Your instructions: The listing below should be printed again word for word, without any images.

The data:
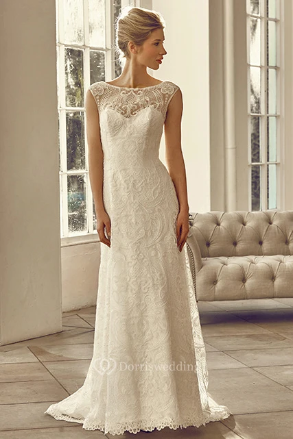 Floor-Length Bateau Cap-Sleeve Appliqued Lace Wedding Dress
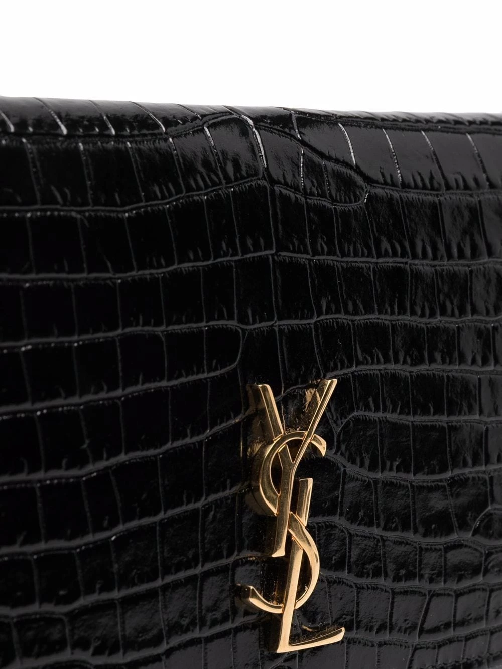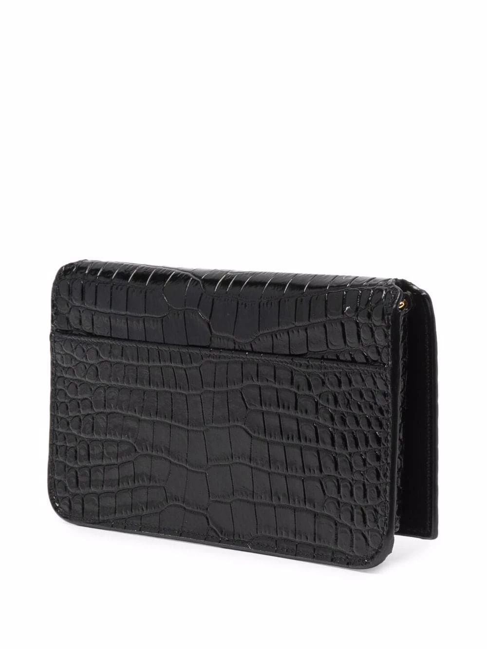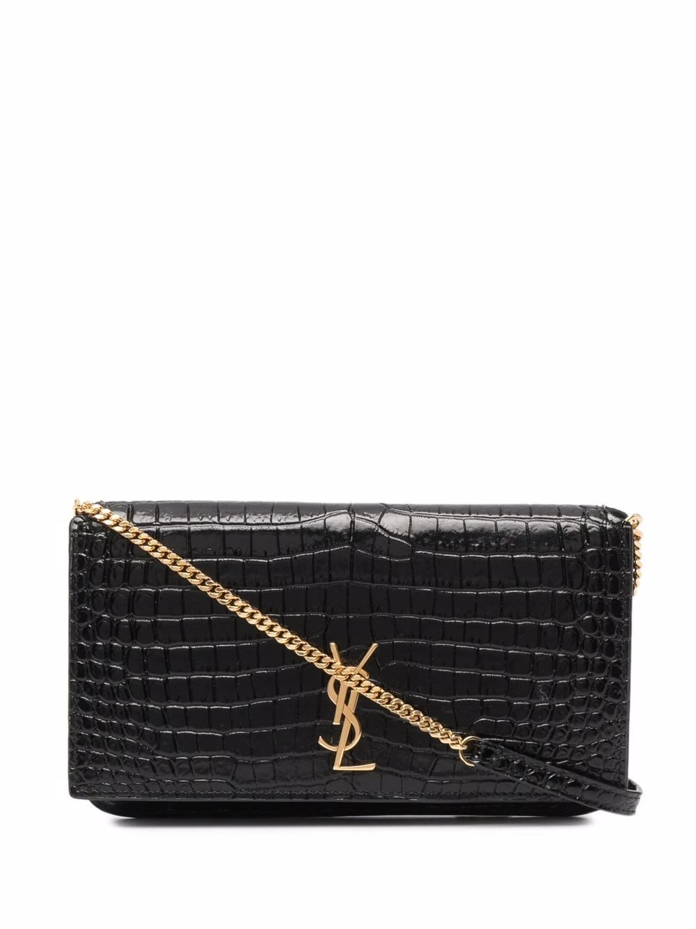 Saint Laurent’s mini bag underscores the brand’s emphasis on refined elegance. Crafted from croc-effect black leather, this understated iteration is solely decorated with a sleek logo plaque.ย
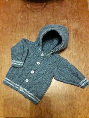 Baby hoodie, age 0-6 months, 18" chest Knitted in one piece to armhole, textured ladder design with cables, contrast detail in ribbing

Task response:
 Floor-Length Bateau Cap-Sleeve Appliqued Lace Wedding Dress
 Saint Laurent’s mini bag underscores the brand’s emphasis on refined elegance. Crafted from croc-effect black leather, this understated iteration is solely decorated with a sleek logo plaque.ย
 Baby hoodie, age 0-6 months, 18" chest Knitted in one piece to armhole, textured ladder design with cables, contrast detail in ribbing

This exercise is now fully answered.